Extracted information section start
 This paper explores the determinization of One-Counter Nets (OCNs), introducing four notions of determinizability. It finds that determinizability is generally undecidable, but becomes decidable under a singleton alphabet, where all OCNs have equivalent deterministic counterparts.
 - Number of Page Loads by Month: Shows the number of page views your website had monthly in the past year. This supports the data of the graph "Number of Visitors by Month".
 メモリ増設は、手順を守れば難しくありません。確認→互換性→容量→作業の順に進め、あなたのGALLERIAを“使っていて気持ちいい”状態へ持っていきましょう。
Extracted information section end
Extracted information section start
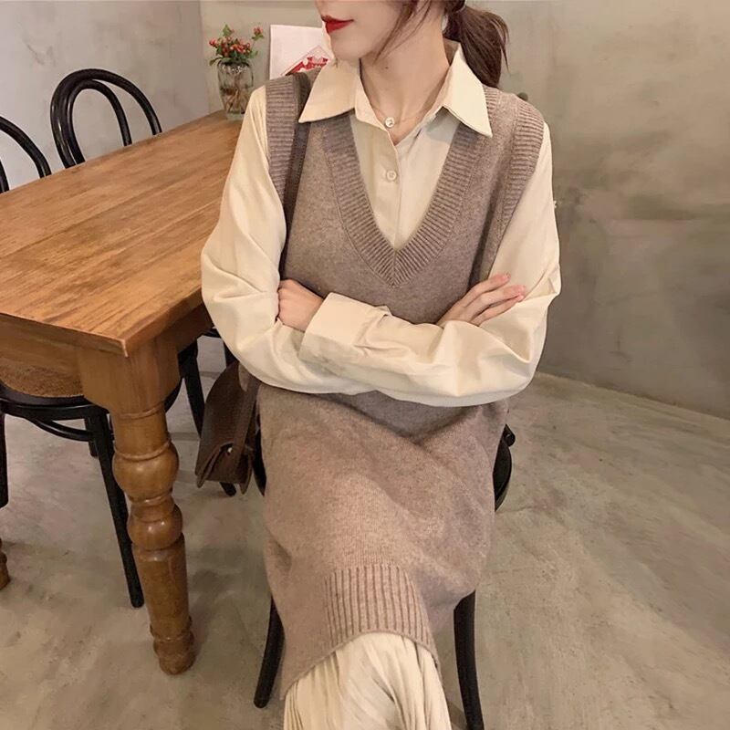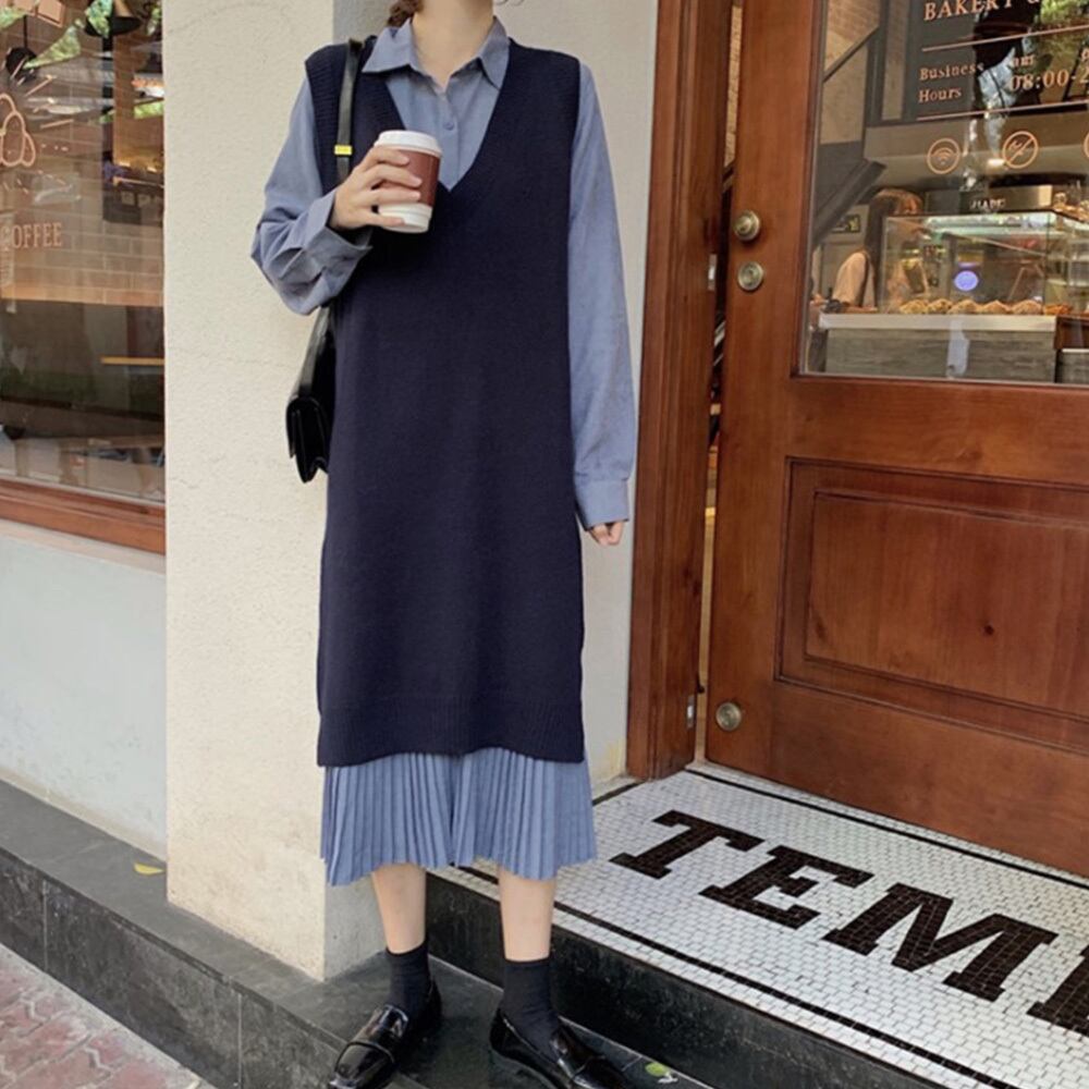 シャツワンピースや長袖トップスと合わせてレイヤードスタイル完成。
Extracted information section end
Extracted information section start
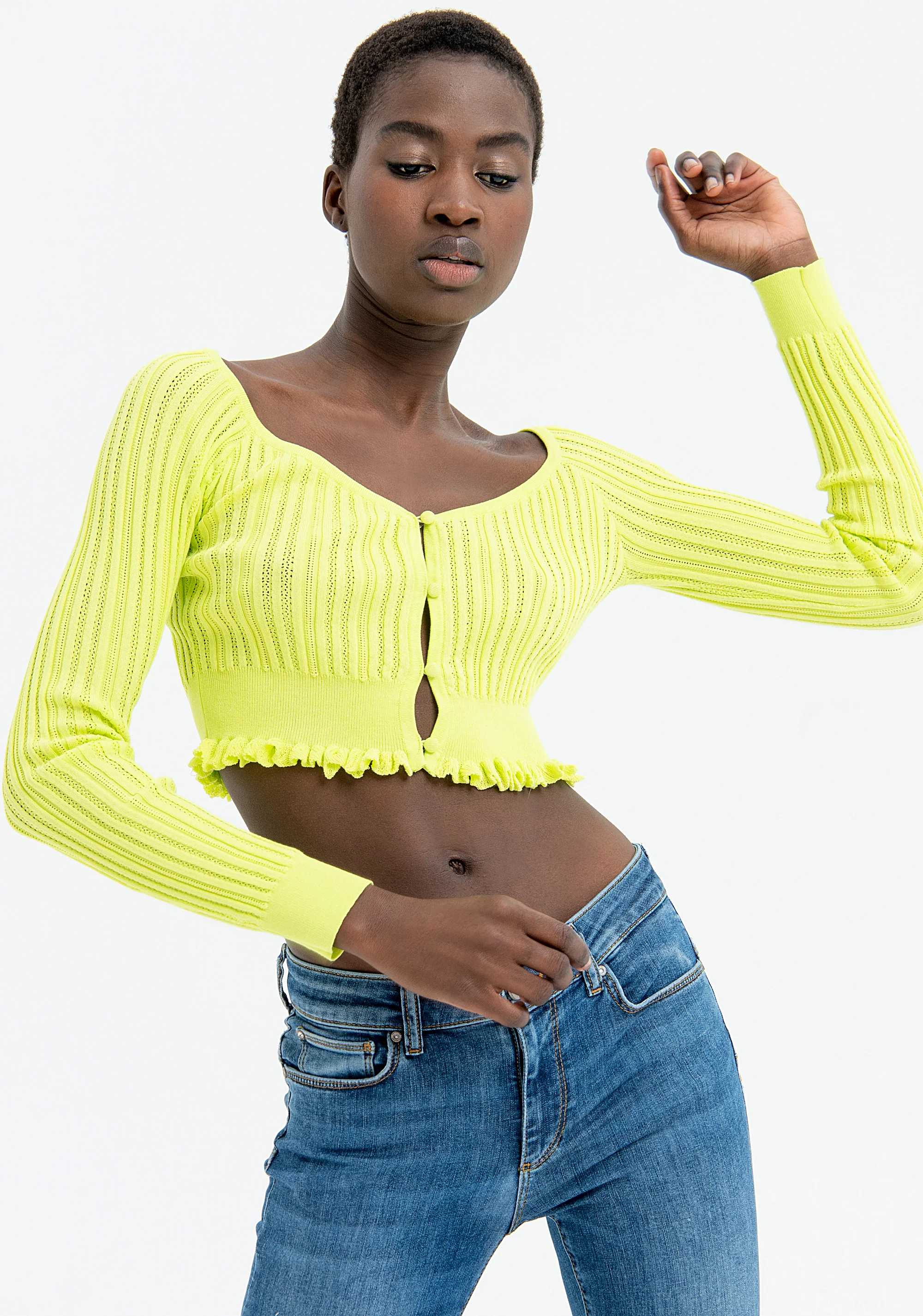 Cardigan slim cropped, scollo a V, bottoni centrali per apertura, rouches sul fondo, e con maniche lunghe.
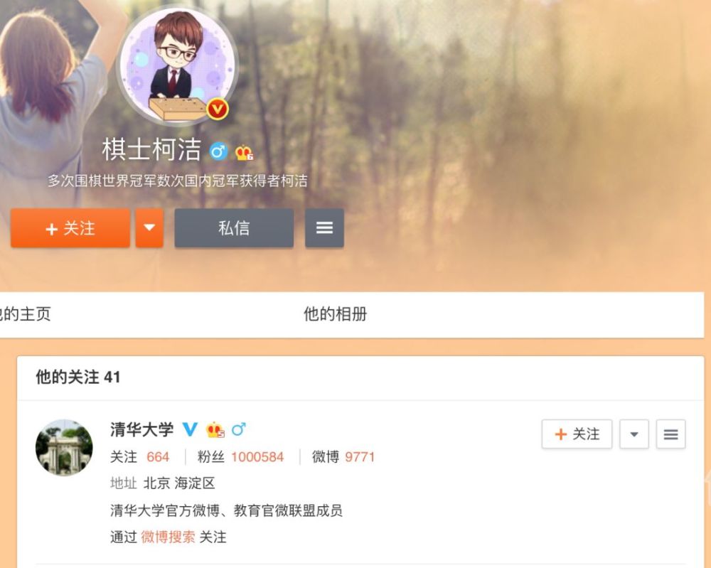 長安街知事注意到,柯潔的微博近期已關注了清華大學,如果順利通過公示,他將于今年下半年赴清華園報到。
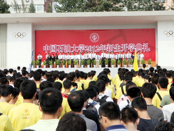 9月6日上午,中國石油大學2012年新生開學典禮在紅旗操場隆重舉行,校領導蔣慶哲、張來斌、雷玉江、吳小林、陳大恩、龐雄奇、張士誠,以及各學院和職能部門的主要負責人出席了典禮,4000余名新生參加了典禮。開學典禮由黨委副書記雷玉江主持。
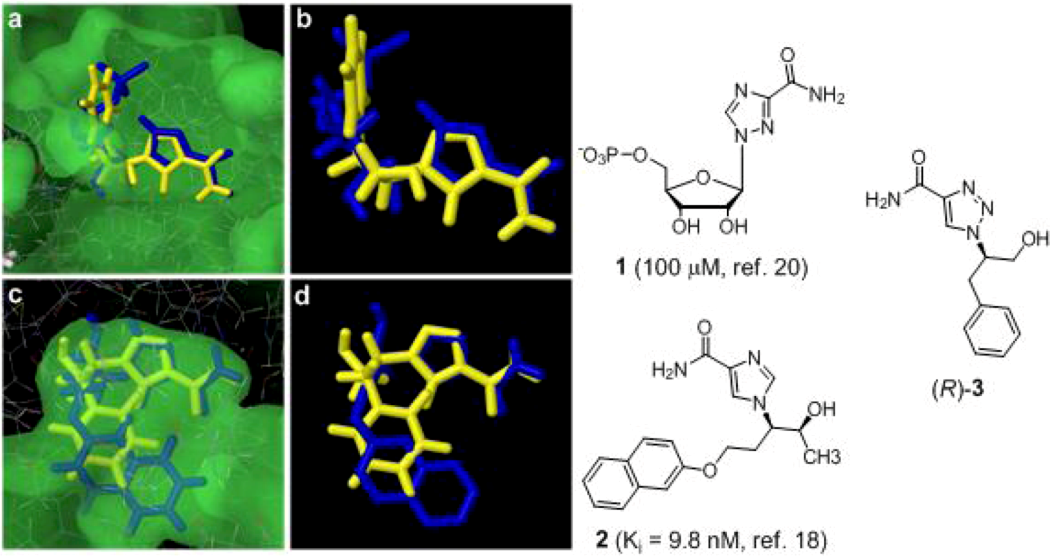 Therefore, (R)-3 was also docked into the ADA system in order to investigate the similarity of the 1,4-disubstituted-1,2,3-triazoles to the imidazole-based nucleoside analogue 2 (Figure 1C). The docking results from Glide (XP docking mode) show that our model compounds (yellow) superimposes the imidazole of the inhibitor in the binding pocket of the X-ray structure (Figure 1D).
Extracted information section end
Your answer should be the lines above, word for word, from the line with "9月6日上午,中國石油大學2" through the line with "Therefore, (R)-3 was", minus the pictures.

 9月6日上午,中國石油大學2012年新生開學典禮在紅旗操場隆重舉行,校領導蔣慶哲、張來斌、雷玉江、吳小林、陳大恩、龐雄奇、張士誠,以及各學院和職能部門的主要負責人出席了典禮,4000余名新生參加了典禮。開學典禮由黨委副書記雷玉江主持。
 Therefore, (R)-3 was also docked into the ADA system in order to investigate the similarity of the 1,4-disubstituted-1,2,3-triazoles to the imidazole-based nucleoside analogue 2 (Figure 1C). The docking results from Glide (XP docking mode) show that our model compounds (yellow) superimposes the imidazole of the inhibitor in the binding pocket of the X-ray structure (Figure 1D).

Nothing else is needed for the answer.